- Problem: Once you reach the line with "Занурте обличчя в" below, copy each line exactly, stopping after the line with "A black T-shirt", and skip any pictures.

- The data:
* * *

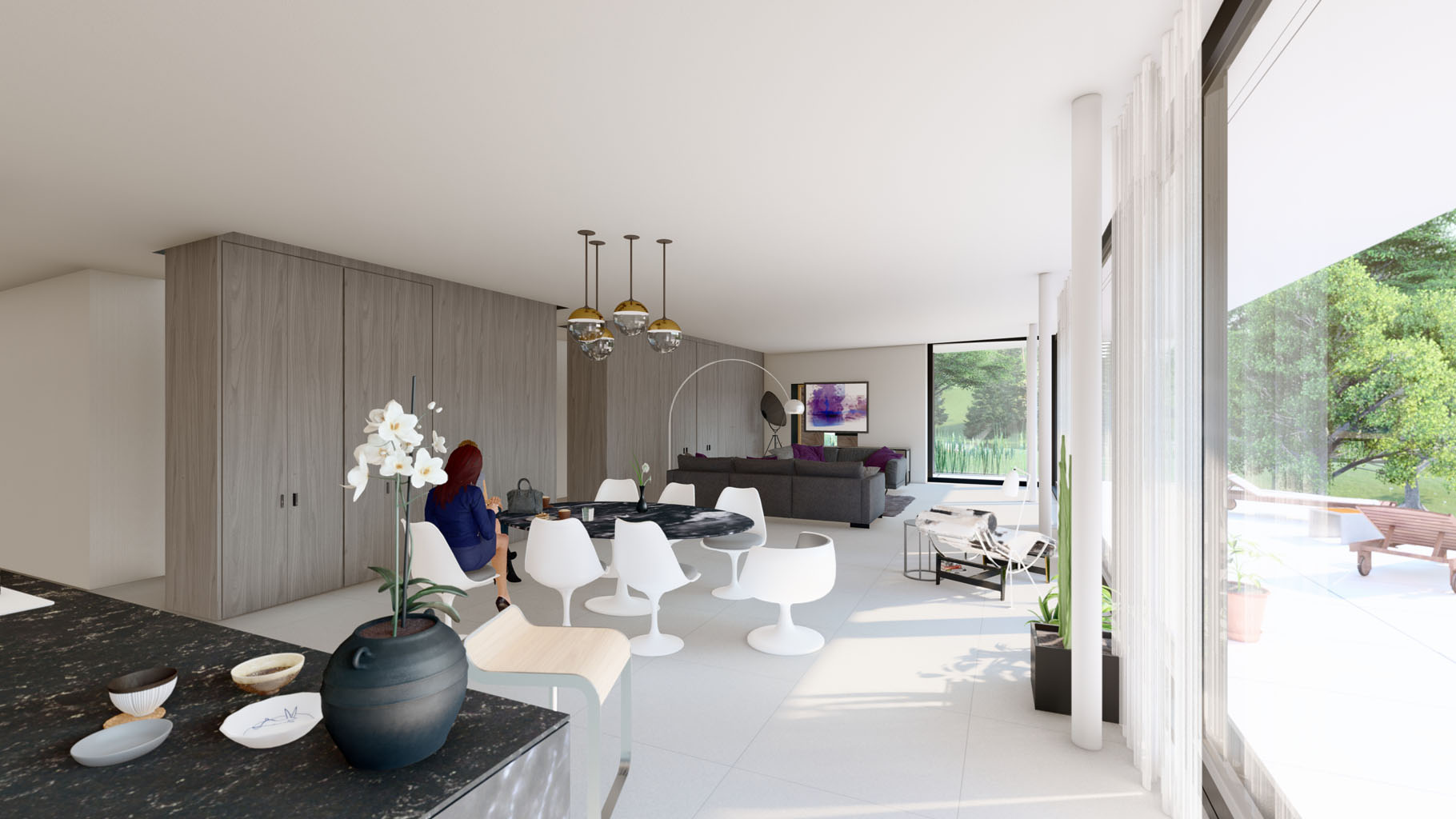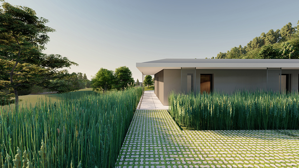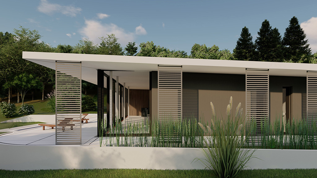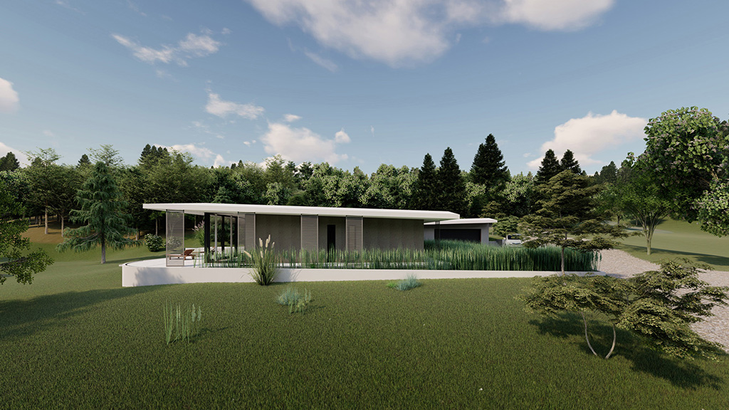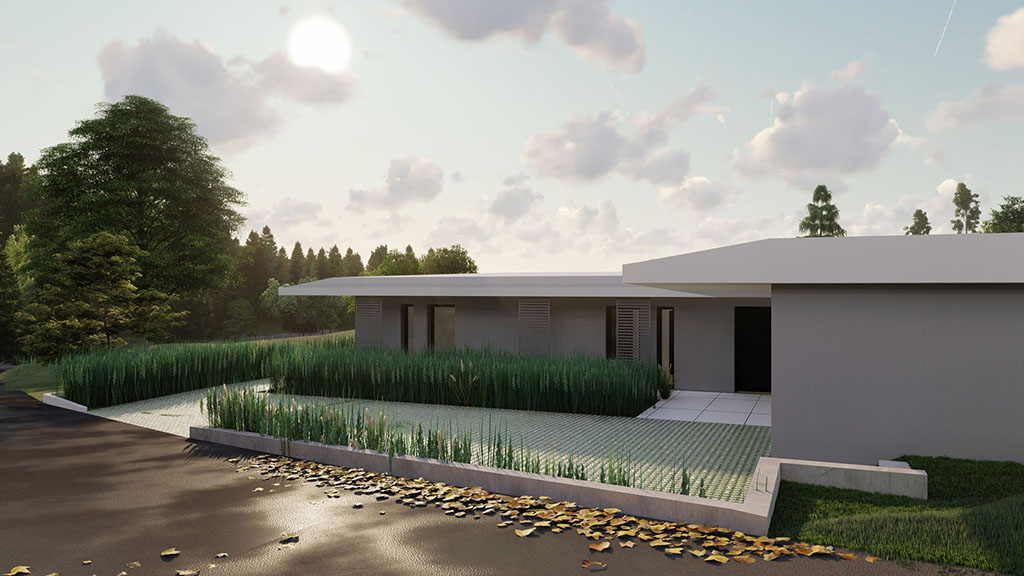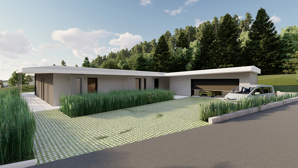 Das eingeschossige, moderne Haus befindet sich in Gratkorn, Steiermark, an einer leichten Hanglage. Der Entwurf ist bewusst einfach und reduziert gestaltet. Die Südfassade ist komplett transparent gehalten, wodurch ein freier Blick auf die umliegende Landschaft möglich ist. Ein weit auskragendes Vordach nach Süden und Westen schützt das Haus vor Sonne und Regen und erweitert gleichzeitig den Wohnraum in den Außenbereich, wodurch es als verbindendes Element zwischen Innen- und Außenraum wirkt.
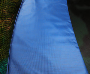The pad is fitted with an 11cm PVC skirt which hangs down over the frame. This assists in locating the padding and also improves the appearance of the trampoline.
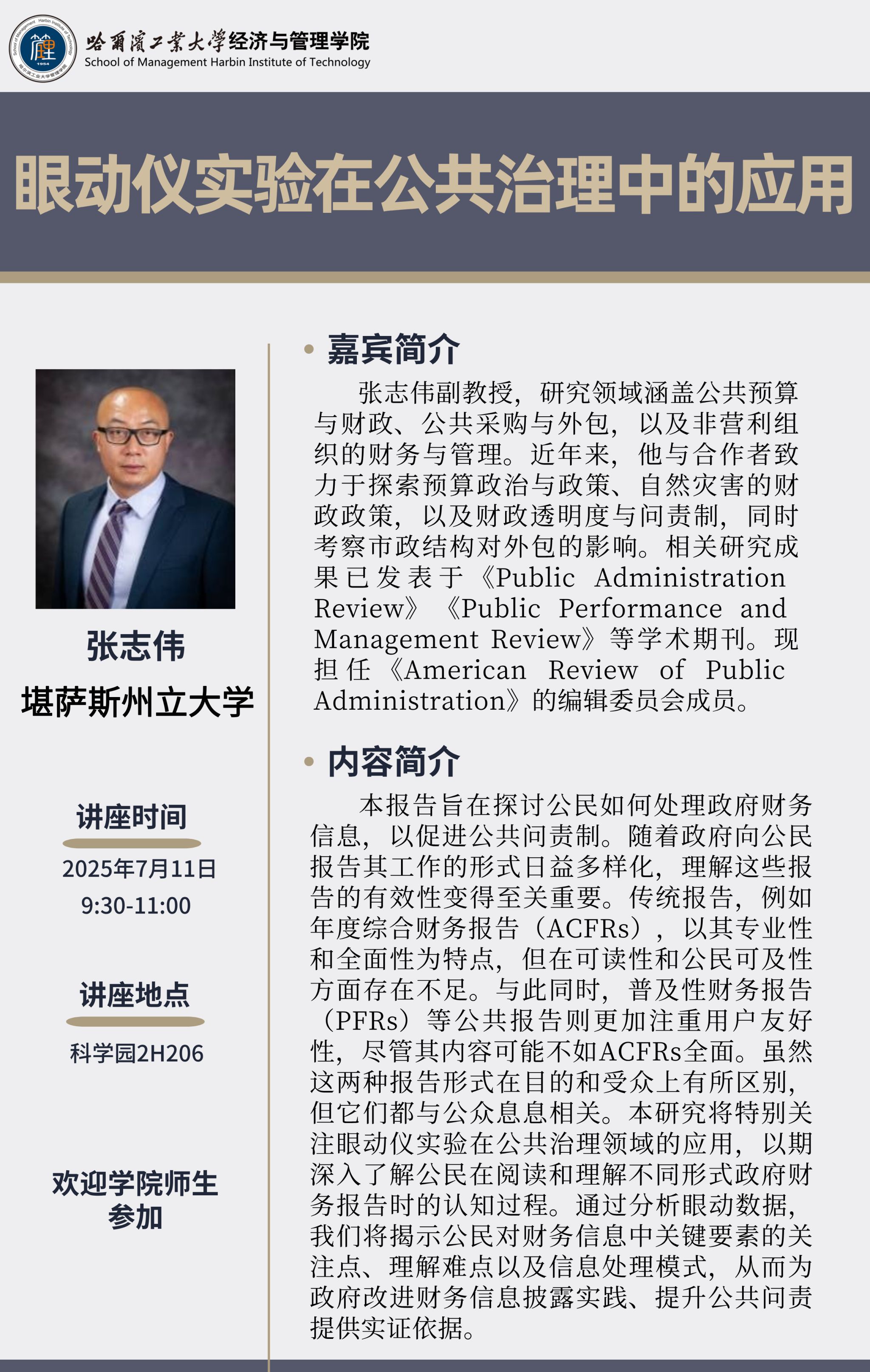 讲座主题:眼动仪实验在公共治理中的应用
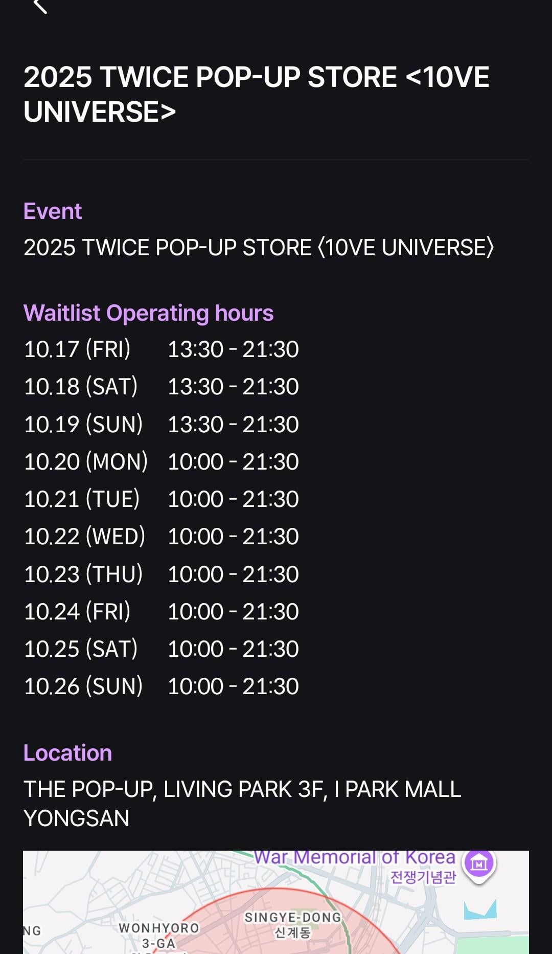 I'm currently in Seoul and am trying to register to enter the popup store through the FANS Onsite Waitlist.
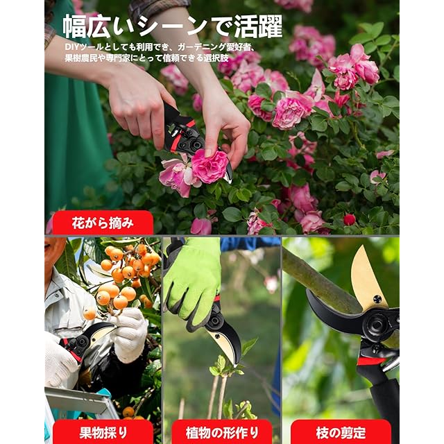 「多用途に使える優れた製品」剪定ばさみは、庭木の整枝だけでなく、果物の収穫や草花の手入れ、さらにはボタニカルアートの制作にも役立ちます。さまざまなシーンで活躍するため、家庭菜園やガーデニング愛好者にとって必需品となるでしょう。この多機能性が、さまざまな園芸活動をサポートします。
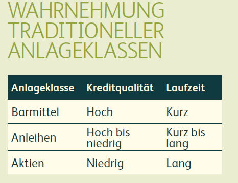 In der nachfolgend aufgeführten Tabelle werden die allgemeinen Risikoeigenschaften dieser drei Anlageklassen beschrieben und es scheint so, als wären Anleihen die „goldene Mitte“ zwischen Barmitteln und Aktien. Wichtig zu erwähnen ist hierbei, dass die Risiko und Ertragseigenschaften innerhalb der verschiedenen Rentenklassen aufgrund des vielfältigen Angebots an verfügbaren Anleihen stark variieren können. Aus diesem Grund ist die herkömmliche Betrachtungsweise von Rentenanlagen zu einfach.
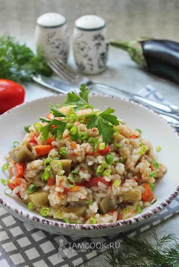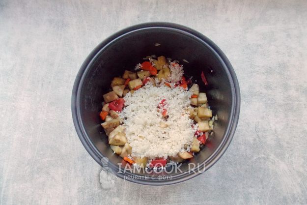 Соберите ингредиенты для приготовления риса с баклажанами в мультиварке.
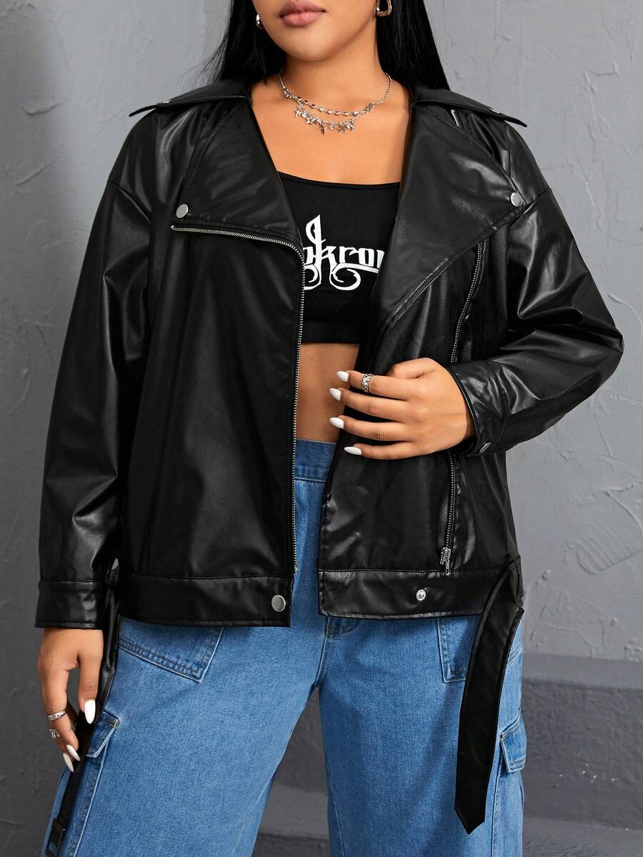 SHEIN Coolane Plus Zip Up Belted PU Leather Moto Jacket
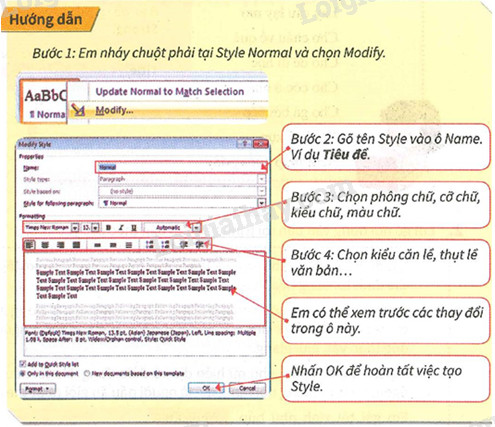 , đây là Style em đã chọn. Em hãy gõ một đoạn văn bản rồi trình bày đoạn văn theo Style em đã chọn đó.
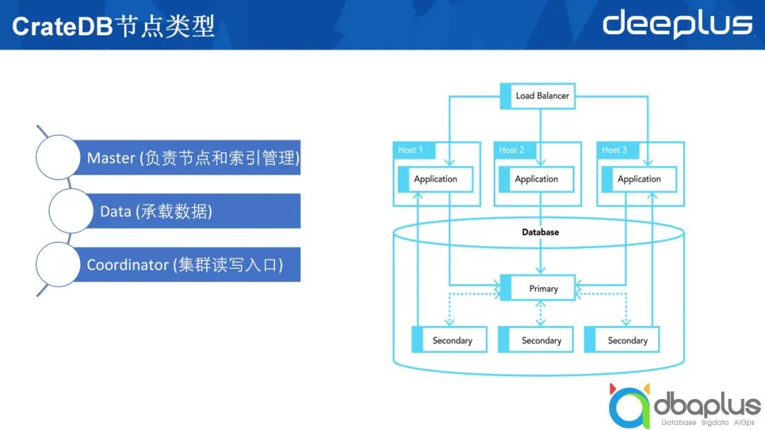 上图右半部分所示为在生产上部署一个CrateDB或ElasticSearch集群。最上方的负载均衡部分可有可无。除上文提到的两种节点类型外,还有一种叫做Coordinator的节点类型,它既不承载具体的数据,也不扮演Master的角色,只接受外部的请求,并将外部请求路由到数据节点上做具体查询,然后在Coordinator节点做一些汇总,最后返回给应用程序。除此之外,ElasticSearch中可能还会有一个叫Ingest的节点类型,这里不进行过多阐述。
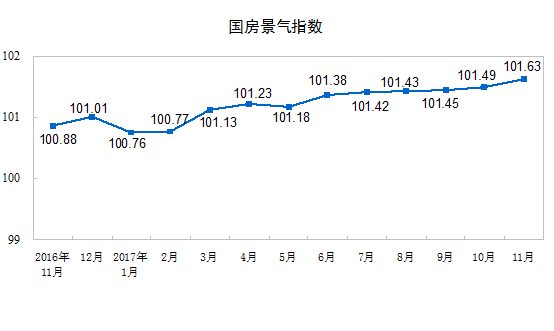 11月份,房地產開發景氣指數(簡稱“國房景氣指數”)為101.63,與10月份提高了0.14點。
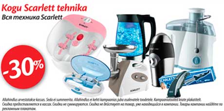Внимание! Данная кампания закончилась! Товар вся техника scarlett продавался со скидкой в магазине Maxima в период с 18.09.2012 по 24.09.2012 Maxima X
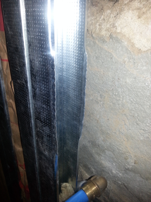 En ajoutant de la sorte des chevrons entre les montants, non seulement on ajoute une possibilité de fixation solide là où il n’y en a pas, mais en plus on transfert la charge sur les montants métalliques qui repose sur le sol.
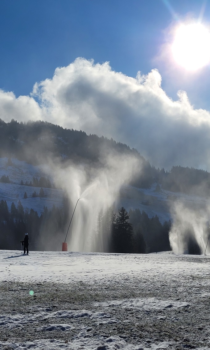 Tiesin, ettei lunta juuri ole, mutta ruohoinen polku ilman minkäänlaisia jään rippeitä tuntui kengän alla ihmeelliseltä. Vieressä suihkutettiin lunta rinteeseen, laskettelua treenaaville lapsille.
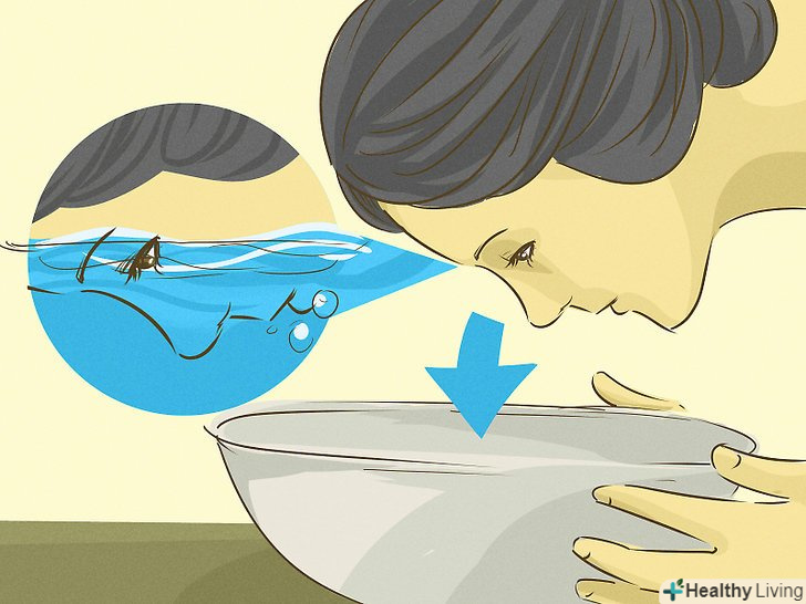 Занурте обличчя в миску з холодною водою.для посилення дії холодної води можна налити воду в миску і опустити обличчя в воду на 30 секунд. Перед зануренням зробіть глибокий вдих, а потім підніміть голову, як тільки у вас закінчиться повітря.- У разі больових або інших симптомів негайно припиніть використовувати даний метод і зверніться до лікаря.
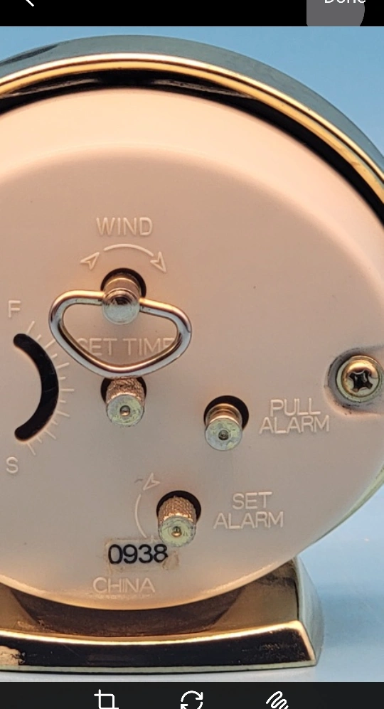 The clock has an analog display type and features a wind-up mechanical movement and alarm. ⏰️
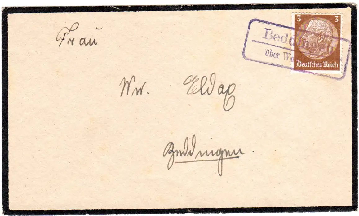 DR, Landpost Stpl. BEDDINGEN über Wolfenbüttel als Entwerter auf Brief m. 3 Pf.
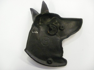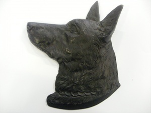Eisenguss; Wandrelief ohne Platte: Schäferhundkopf im Profil nach links; Nachguss von Anton Schmidt um 1973
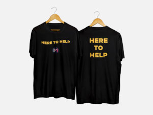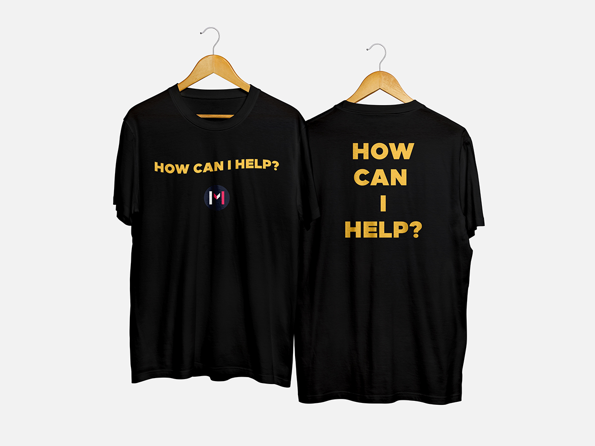 A black T-shirt with yelow text and your church logo. How can I help? Here to help. Simple words but an effective way to be visible to people visiting your church and are unsure of where to go.
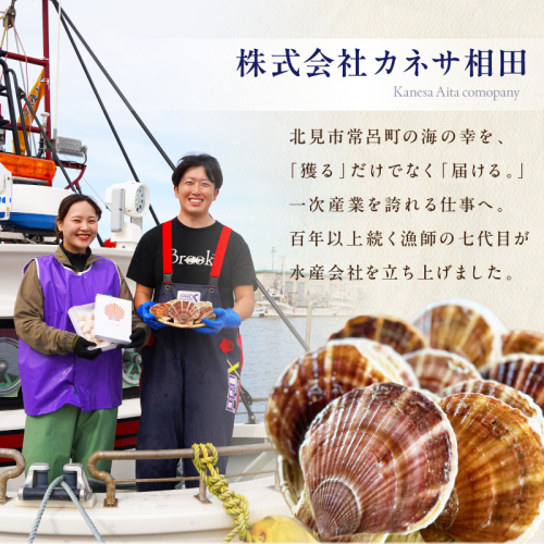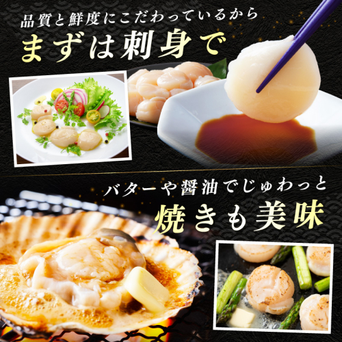 すべて手作業で選別されたホタテは、生食はもちろん、炙り焼き、バター焼き、パスタや炊き込みご飯にも最適。
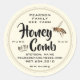 Simple eye-catching Honey with Comb Label with an inquisitive watercolor honeybee near the word Honey.
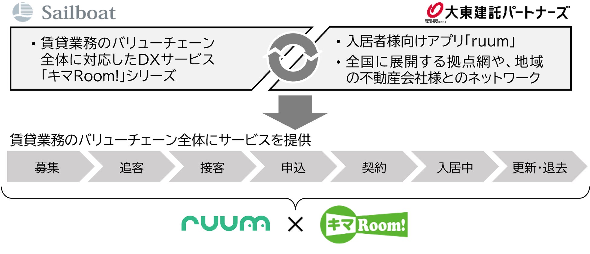 大東建託グループの大東建託パートナーズ株式会社(本社:東京都港区、代表取締役社長:佐藤功次、以下、 大東建託パートナーズ)は、2月17日、不動産会社向けのシステム開発を手がける株式会社セイルボート(本社:広島県広島市、代表取締役:西野量、以下、セイルボート)の発行済み全株式を取得し、子会社化しましたのでお知らせします。

* * *

- Expected output:
 Занурте обличчя в миску з холодною водою.для посилення дії холодної води можна налити воду в миску і опустити обличчя в воду на 30 секунд. Перед зануренням зробіть глибокий вдих, а потім підніміть голову, як тільки у вас закінчиться повітря.- У разі больових або інших симптомів негайно припиніть використовувати даний метод і зверніться до лікаря.
 The clock has an analog display type and features a wind-up mechanical movement and alarm. ⏰️
 DR, Landpost Stpl. BEDDINGEN über Wolfenbüttel als Entwerter auf Brief m. 3 Pf.
Eisenguss; Wandrelief ohne Platte: Schäferhundkopf im Profil nach links; Nachguss von Anton Schmidt um 1973
 A black T-shirt with yelow text and your church logo. How can I help? Here to help. Simple words but an effective way to be visible to people visiting your church and are unsure of where to go.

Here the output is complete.